Por: Carmen Tavares*
A figura do pesquisador tem passado por uma transformação silenciosa e profunda. Longe da imagem clássica do cientista isolado em seu laboratório ou do acadêmico cercado de livros em uma biblioteca, o pesquisador contemporâneo é, cada vez mais, um profissional multidisciplinar, hiper conectado e tecnologicamente habilitado. Ele precisa dominar métodos, teorias e escrita científica, mas também precisa saber dialogar com dados em larga escala, inteligência artificial, ambientes colaborativos e redes globais de conhecimento.
No centro dessa transformação está uma questão simples, mas poderosa: o que significa ser um bom pesquisador hoje?
O bom pesquisador: entre a paixão e o método
Ser um bom pesquisador não é, essencialmente, sobre saber tudo — mas sim sobre saber perguntar. O ponto de partida da pesquisa não é o dado, nem o método, mas a curiosidade bem direcionada. Grandes investigações surgem de perguntas bem formuladas, baseadas em observações críticas e inquietações genuínas. Um bom pesquisador é, antes de tudo, alguém que cultiva o espanto diante do mundo, mas que é capaz de organizar esse espanto em um caminho metodológico confiável.
Isso exige mais do que inteligência: exige disciplina, resiliência, espírito crítico e compromisso ético. Saber lidar com a frustração dos dados que não confirmam a hipótese, ou com a revisão rigorosa de pares, é tão importante quanto a criatividade na hora de conceber um experimento ou analisar um fenômeno. A excelência na pesquisa está na junção entre método e sensibilidade investigativa.
Contudo, no século XXI, essa excelência passa por um novo ingrediente: o domínio da tecnologia como ferramenta epistemológica e operacional.
A tecnologia como Co pesquisadora
A tecnologia deixou de ser apenas um suporte logístico para se tornar uma verdadeira parceira no fazer científico. As ferramentas mais avançadas estão ampliando as capacidades humanas de analisar, visualizar, comunicar e até gerar conhecimento. Mas para compreender seu impacto real, é preciso ir além dos exemplos mais comuns como Mendeley, Google Scholar ou formulários digitais. O pesquisador contemporâneo pode — e deve — explorar tecnologias de ponta que estão redesenhando os contornos da própria investigação.

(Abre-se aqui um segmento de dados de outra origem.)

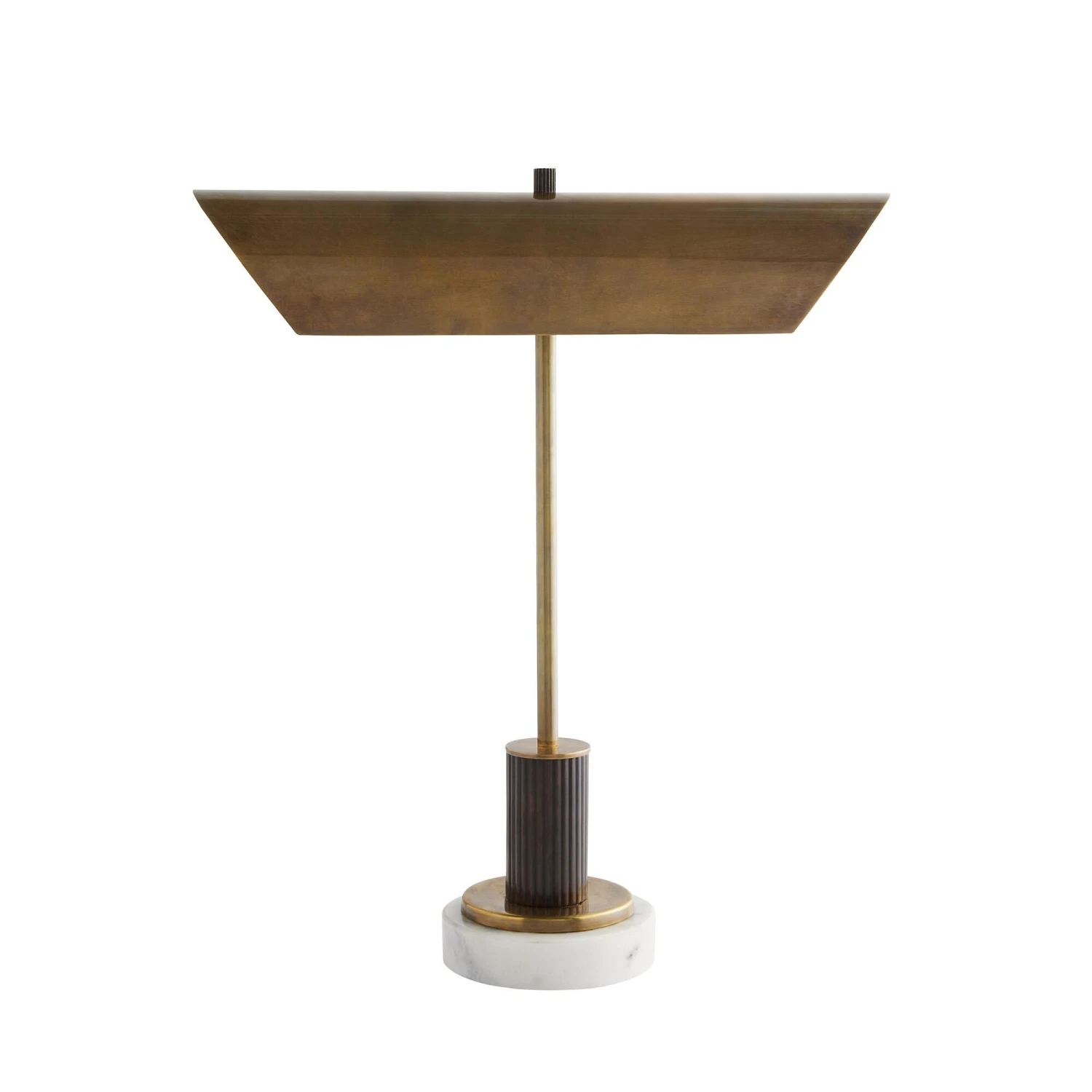 The iconic style of the classic library lamp is beautifully translated in the design of the Lansing. The elongated vintage brass metal shade is perched atop a bronze finished aluminum post, with a white marble base for a dramatic transition of tones and textures. A juxtaposition of materials and shapes is revealed through the linear shade, circular base, and the reeding details found on the finial and body. This lamp features two sockets for increased surface illumination. Finish will vary.
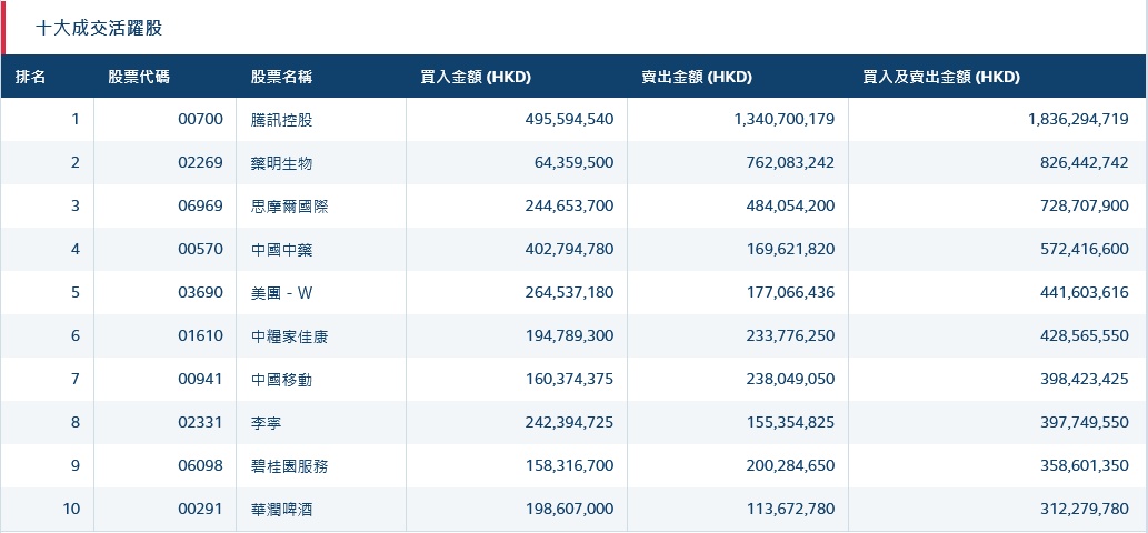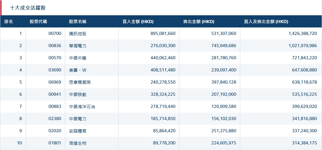此外,中海油(00883)、华润啤酒(00291)、中国电力(02380)分别获净买入1.57亿、8493万、2961万港元。而腾讯(00700)、华润电力(00836)、中粮家佳康(01610)分别遭净卖出4.81亿、4.69亿、3898万港元。
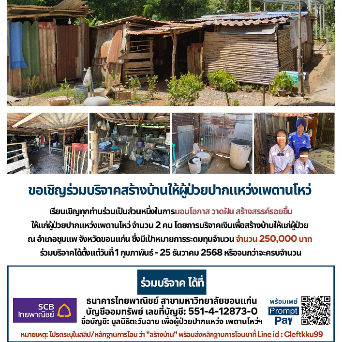 เรียนเชิญทุกท่านร่วมเป็นส่วนหนึ่งในการมอบโอกาส วาดฝัน สร้างสรรค์รอยยิ้มให้แก่ผู้ป่วยปากแหว่งเพดานโหว่ จำนวน 2 คน โดยการบริจาคเงินเพื่อสร้างบ้านให้แก่ผู้ป่วย ณ อำเภอชุมแพ จังหวัดขอนแก่น ซึ่งมีเป้าหมายการระดมทุนจำนวน จำนวน 250,000 บาท ร่วมบริจาคได้ตั้งแต่วันที่ 1 กุมภาพันธ์ – 25 ธันวาคม 2568 หรือจนกว่าจะครบจำนวน
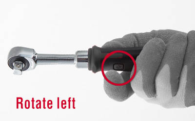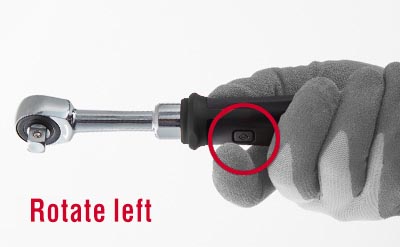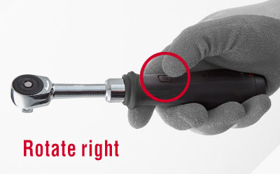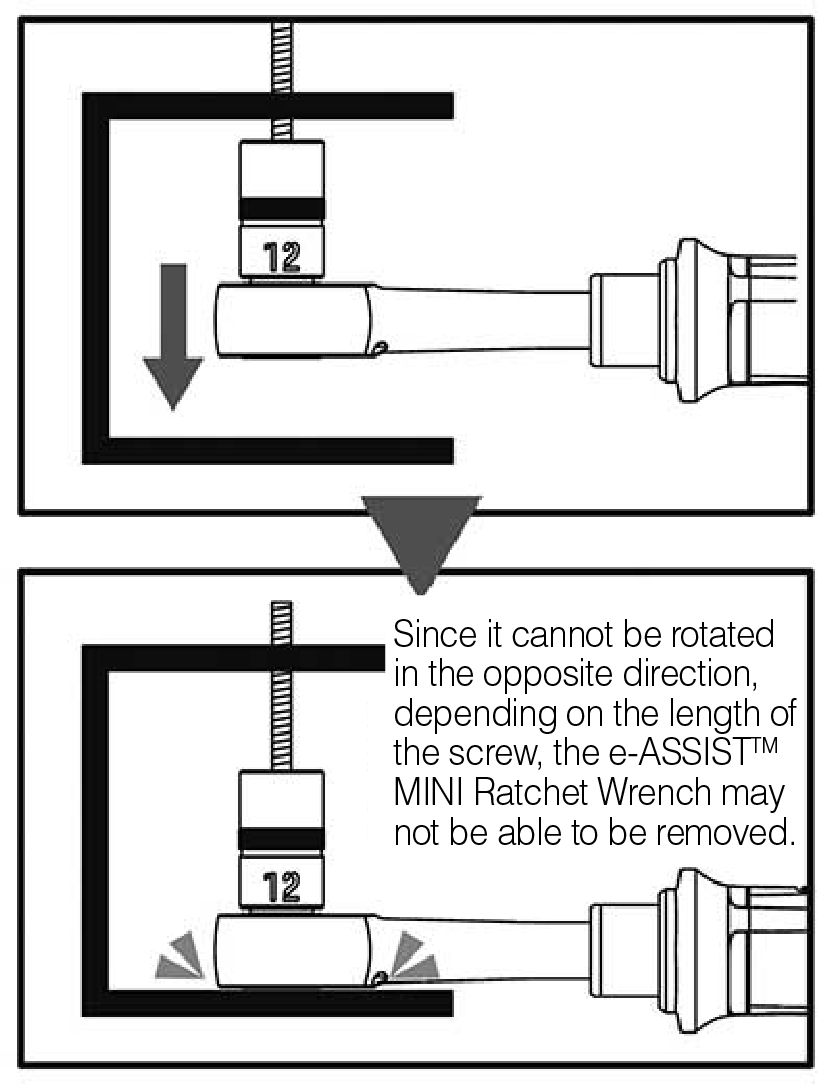 ※Due to the structure of the e-ASSIST™ MINI Ratchet Wrench, it is not possible to change the rotation with the switch. If the product becomes stuck, it must be removed by cutting the screws.
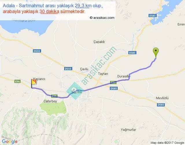 Adala - Sartmahmut arası yaklaşık olarak 90 km/h ile yukarıda belirtilen sürede olup, iki yerin kuş uçuşu uzaklığı (mesafesi) 26'dir. Yolculuk otobüsle 39 dakika sürmektedir.
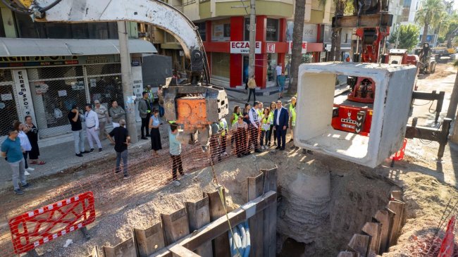 Özmen Caddesi’nde devam eden yağmur suyu ve atık su ayrıştırma projesinin Buca’da yaşanabilecek su baskınlarını önleyeceğini ifade eden İzmir Büyükşehir Belediye Başkanı Dr. Cemil Tugay, “Ekiplerimiz şu ana kadar 11 kilometrelik yağmur suyu, 7 kilometrelik atık su, Kozağaç deresinde de 1.6 kilometrelik dere ıslah imalatlarını tamamladı. Arkadaşlarımız olabildiğince hızlı bir şekilde çalışmalarını sürdürüyor. Büyük bir iş. Buca’da geçmiş dönemde bizi üzen su baskınlarının önüne geçeceğiz. Bu dönem İzmir’in altyapısıyla ilgili sorunlara etkili müdahaleler yapacağız. Emeği geçen herkese çok teşekkür ederiz” dedi.
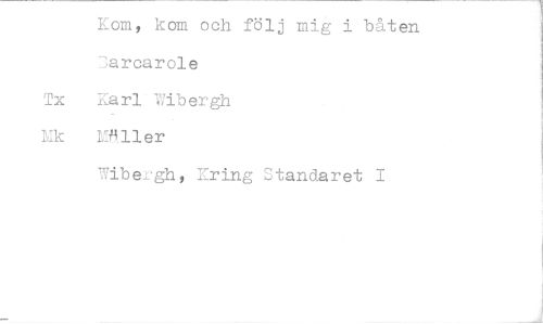 //// Kom, kom och följ mig i båten 3arcarole //// Tx Karl. Wibergh //// Mk MfAller //// Wibergh, Kring Standaret 1 ////

1. IA Generativa como ferramenta de síntese e prototipagem de ideias
Modelos de linguagem avançados como GPT-4 (OpenAI), Claude (Anthropic), Gemini (Google DeepMind) e LLaMA
(Meta) não servem apenas para revisar textos ou sugerir sinônimos. Eles são capazes de atuar como Co pesquisadores conceituais. É possível, por exemplo, pedir que a IA gere mapas conceituais com base em centenas de artigos, identifique lacunas em determinada área ou proponha experimentos com base em parâmetros definidos pelo pesquisador.
Mais do que economizar tempo, essa colaboração com a IA pode gerar novas perspectivas. Um exemplo é o uso de IA para simular argumentos filosóficos ou dialogar com modelos teóricos divergentes, o que tem sido explorado por pesquisadores em epistemologia e ciências sociais computacionais.

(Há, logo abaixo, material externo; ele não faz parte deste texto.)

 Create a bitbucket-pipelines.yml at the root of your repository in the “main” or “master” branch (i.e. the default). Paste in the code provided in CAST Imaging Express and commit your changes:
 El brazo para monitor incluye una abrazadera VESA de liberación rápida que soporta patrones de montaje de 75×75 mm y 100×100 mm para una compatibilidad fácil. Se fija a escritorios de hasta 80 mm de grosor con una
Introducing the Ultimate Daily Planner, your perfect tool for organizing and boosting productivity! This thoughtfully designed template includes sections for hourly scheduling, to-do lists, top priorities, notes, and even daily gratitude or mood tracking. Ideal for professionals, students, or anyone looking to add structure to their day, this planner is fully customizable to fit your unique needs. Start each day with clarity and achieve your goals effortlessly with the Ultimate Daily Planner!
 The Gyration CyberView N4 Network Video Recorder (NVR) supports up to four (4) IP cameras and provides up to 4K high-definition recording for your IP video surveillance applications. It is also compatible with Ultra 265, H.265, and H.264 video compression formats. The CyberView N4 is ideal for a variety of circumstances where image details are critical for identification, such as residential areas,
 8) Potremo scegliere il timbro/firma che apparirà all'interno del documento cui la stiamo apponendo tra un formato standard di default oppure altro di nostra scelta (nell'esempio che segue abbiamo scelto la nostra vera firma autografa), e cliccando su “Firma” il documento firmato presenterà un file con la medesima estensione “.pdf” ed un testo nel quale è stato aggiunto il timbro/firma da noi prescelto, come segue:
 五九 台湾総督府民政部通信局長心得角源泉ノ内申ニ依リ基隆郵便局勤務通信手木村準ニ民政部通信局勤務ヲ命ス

2. Ferramentas de mineração semântica e leitura aumentada
Softwares como Iris.ai, Scite.ai, Elicit.org e Semantic Scholar não apenas buscam artigos, mas interpretam seu conteúdo. Eles identificam afirmações centrais, extraem evidências, comparam abordagens e até avaliam a força dos argumentos com base em redes de citação.

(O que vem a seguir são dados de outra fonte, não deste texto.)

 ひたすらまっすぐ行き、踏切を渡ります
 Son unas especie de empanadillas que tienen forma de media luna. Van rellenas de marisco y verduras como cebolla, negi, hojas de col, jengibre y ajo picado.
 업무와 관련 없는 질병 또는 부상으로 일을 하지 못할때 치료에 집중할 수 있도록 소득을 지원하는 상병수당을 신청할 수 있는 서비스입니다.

Iris.ai, por exemplo, utiliza redes neurais para entender o conteúdo semântico de uma pergunta de pesquisa e sugerir artigos relevantes com base no “significado” e não apenas em palavras-chave. Isso permite que pesquisadores encontrem trabalhos que, embora usem terminologias diferentes, tratam da mesma problemática.
3. Plataformas de análise em larga escala e ciência de dados aplicada
Na era dos dados massivos, saber utilizar ferramentas como Google BigQuery, Databricks, Snowflake ou linguagens como Python e R com bibliotecas como Pandas, Matplotlib e Scikit-learn, é essencial para pesquisadores que lidam com grandes volumes de informação, mesmo nas ciências humanas.
Projetos interdisciplinares já estão integrando mineração de sentimentos em redes sociais, análise de discurso político em tempo real ou rastreamento de comportamentos online com uso de aprendizado de máquina. A ciência de dados se tornou um novo alfabeto para quem quer interpretar o mundo digital.
4. Laboratórios digitais e simulação computacional
Em áreas como biologia, engenharia, química ou climatologia, a simulação computacional já é considerada equivalente à experimentação física. Softwares como COMSOL Multiphysics, ANSYS, AutoDock, Simulink e até ambientes de realidade virtual são usados para testar hipóteses, simular condições impossíveis de replicar em laboratório ou acelerar a modelagem de novos materiais.
Na pesquisa farmacêutica, por exemplo, algoritmos de deep learning como AlphaFold (DeepMind) revolucionaram o entendimento da estrutura de proteínas, antecipando descobertas que antes exigiam anos de laboratório.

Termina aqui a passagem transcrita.